EXERCISE DIRECTIONS
Leave out the pictures and retype, exactly, the lines below from the line with "Boho Ranch Faux" up to and including the line with "Though NHC does", nothing more.

MATERIAL FOR THE TASK
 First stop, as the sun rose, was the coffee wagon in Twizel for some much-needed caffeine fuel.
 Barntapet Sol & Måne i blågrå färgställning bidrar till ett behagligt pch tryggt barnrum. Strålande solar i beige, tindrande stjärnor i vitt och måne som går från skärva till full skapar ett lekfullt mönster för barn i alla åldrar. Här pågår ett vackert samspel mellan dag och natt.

==

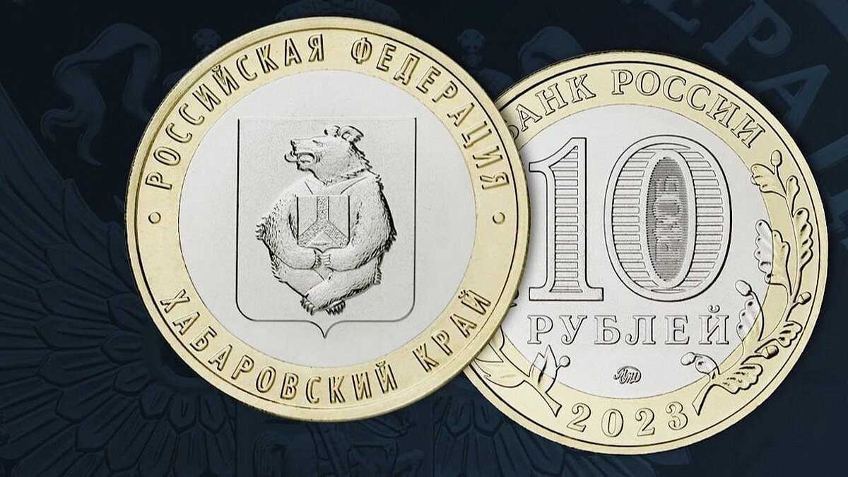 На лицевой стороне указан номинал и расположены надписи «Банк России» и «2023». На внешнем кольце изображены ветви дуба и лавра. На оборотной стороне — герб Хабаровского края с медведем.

...

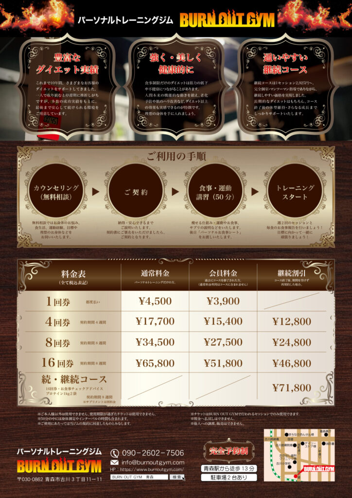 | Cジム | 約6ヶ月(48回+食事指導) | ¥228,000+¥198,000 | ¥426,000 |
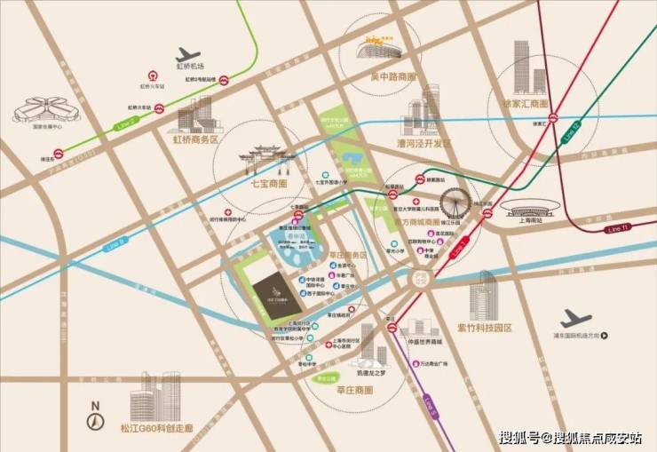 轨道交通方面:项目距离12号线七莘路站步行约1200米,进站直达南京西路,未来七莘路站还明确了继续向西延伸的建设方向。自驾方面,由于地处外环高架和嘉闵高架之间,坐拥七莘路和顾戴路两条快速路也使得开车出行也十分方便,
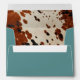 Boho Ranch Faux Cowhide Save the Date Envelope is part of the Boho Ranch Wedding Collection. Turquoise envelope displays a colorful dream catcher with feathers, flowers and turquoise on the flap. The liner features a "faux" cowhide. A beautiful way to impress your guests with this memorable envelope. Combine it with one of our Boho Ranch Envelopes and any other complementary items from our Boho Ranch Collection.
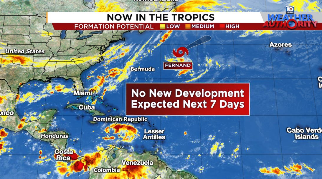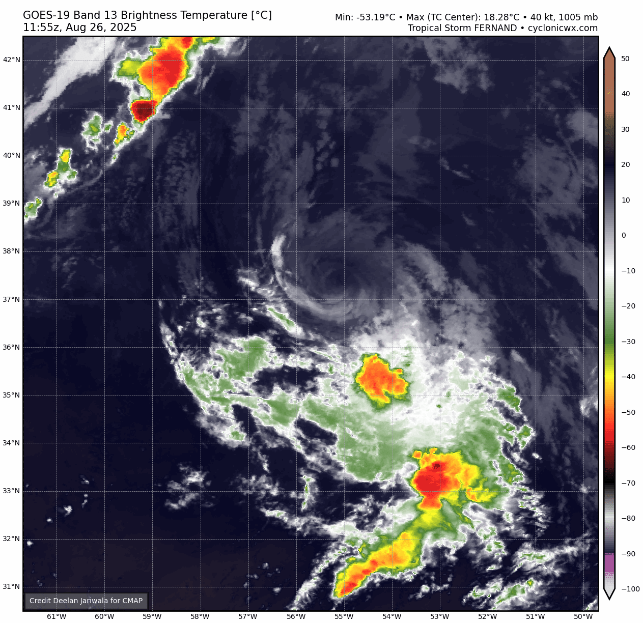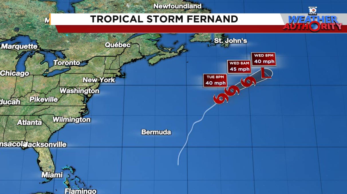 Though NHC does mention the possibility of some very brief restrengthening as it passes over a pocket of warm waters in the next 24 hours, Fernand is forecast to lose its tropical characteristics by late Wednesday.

RESULT FOR THIS EXERCISE
 Boho Ranch Faux Cowhide Save the Date Envelope is part of the Boho Ranch Wedding Collection. Turquoise envelope displays a colorful dream catcher with feathers, flowers and turquoise on the flap. The liner features a "faux" cowhide. A beautiful way to impress your guests with this memorable envelope. Combine it with one of our Boho Ranch Envelopes and any other complementary items from our Boho Ranch Collection.
 Though NHC does mention the possibility of some very brief restrengthening as it passes over a pocket of warm waters in the next 24 hours, Fernand is forecast to lose its tropical characteristics by late Wednesday.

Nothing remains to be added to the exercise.